◆ GOAL OF THE EXERCISE
Please transcribe exactly the lines from the first line of the records below through the line containing "10:加入西红柿鸡蛋青椒卤,拌匀。", including both, and omit all pictures.

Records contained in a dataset
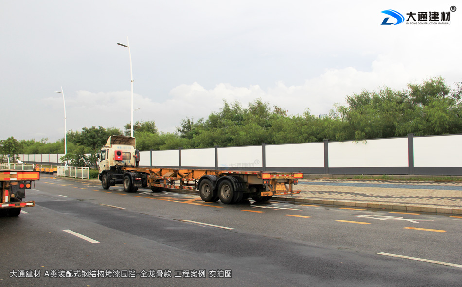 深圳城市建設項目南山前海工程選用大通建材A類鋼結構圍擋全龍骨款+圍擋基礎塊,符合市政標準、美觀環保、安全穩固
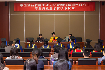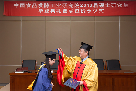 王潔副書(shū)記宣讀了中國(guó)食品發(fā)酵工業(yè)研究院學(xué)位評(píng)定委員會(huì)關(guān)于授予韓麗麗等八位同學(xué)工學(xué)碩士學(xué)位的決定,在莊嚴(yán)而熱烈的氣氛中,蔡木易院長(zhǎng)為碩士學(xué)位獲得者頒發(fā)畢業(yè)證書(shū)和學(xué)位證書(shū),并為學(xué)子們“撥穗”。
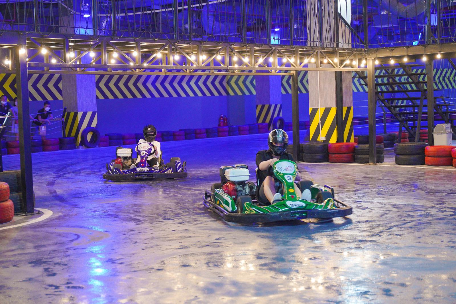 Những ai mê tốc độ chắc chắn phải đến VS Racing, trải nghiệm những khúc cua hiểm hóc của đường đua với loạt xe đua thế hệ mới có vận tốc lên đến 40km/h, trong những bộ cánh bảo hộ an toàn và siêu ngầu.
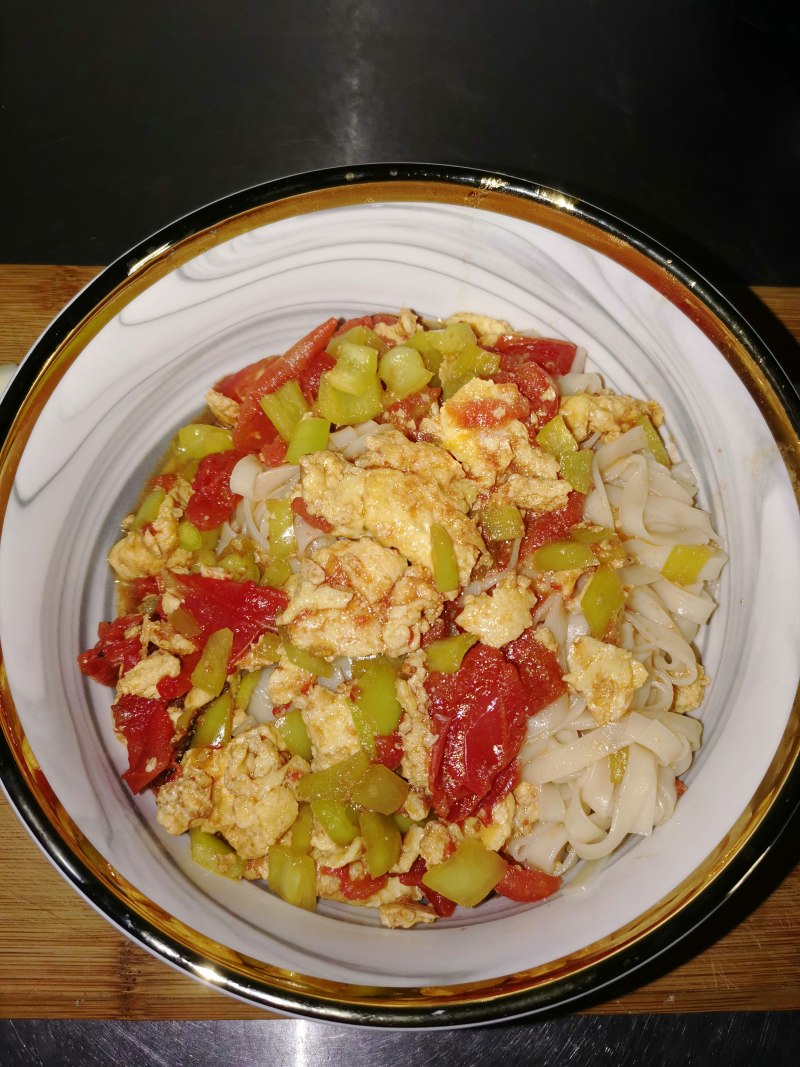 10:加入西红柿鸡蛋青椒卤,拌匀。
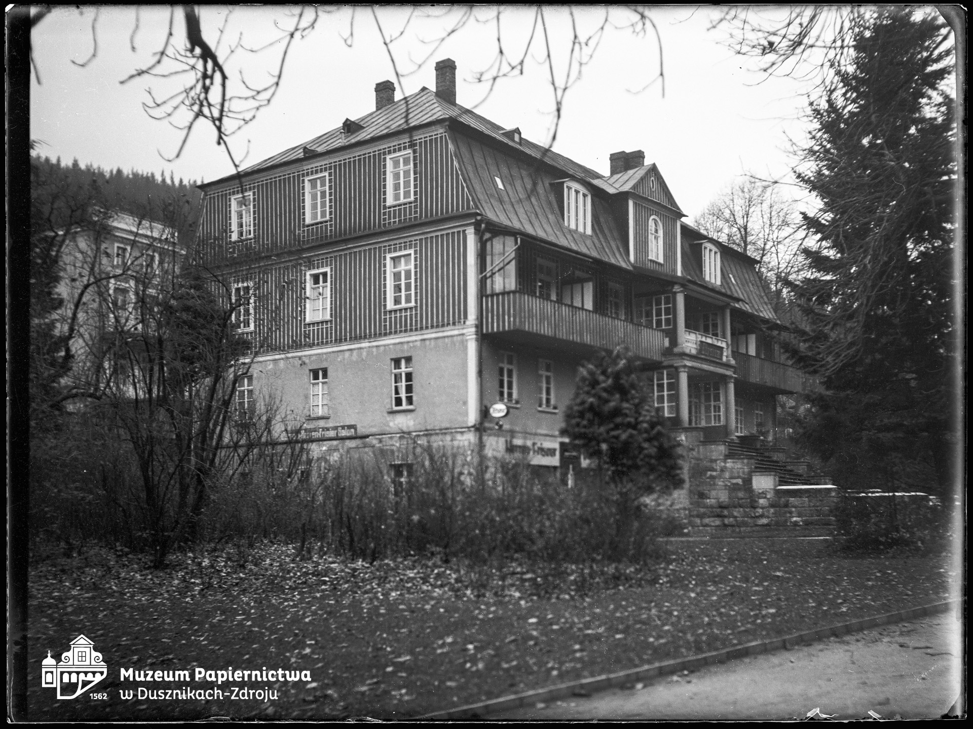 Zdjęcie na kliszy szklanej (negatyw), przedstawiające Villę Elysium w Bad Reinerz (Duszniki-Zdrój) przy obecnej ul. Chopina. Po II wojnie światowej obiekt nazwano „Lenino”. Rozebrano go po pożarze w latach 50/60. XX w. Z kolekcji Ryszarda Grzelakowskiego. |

◆ SOLUTION TO THE PROBLEM
 深圳城市建設項目南山前海工程選用大通建材A類鋼結構圍擋全龍骨款+圍擋基礎塊,符合市政標準、美觀環保、安全穩固
 王潔副書(shū)記宣讀了中國(guó)食品發(fā)酵工業(yè)研究院學(xué)位評(píng)定委員會(huì)關(guān)于授予韓麗麗等八位同學(xué)工學(xué)碩士學(xué)位的決定,在莊嚴(yán)而熱烈的氣氛中,蔡木易院長(zhǎng)為碩士學(xué)位獲得者頒發(fā)畢業(yè)證書(shū)和學(xué)位證書(shū),并為學(xué)子們“撥穗”。
 Những ai mê tốc độ chắc chắn phải đến VS Racing, trải nghiệm những khúc cua hiểm hóc của đường đua với loạt xe đua thế hệ mới có vận tốc lên đến 40km/h, trong những bộ cánh bảo hộ an toàn và siêu ngầu.
 10:加入西红柿鸡蛋青椒卤,拌匀。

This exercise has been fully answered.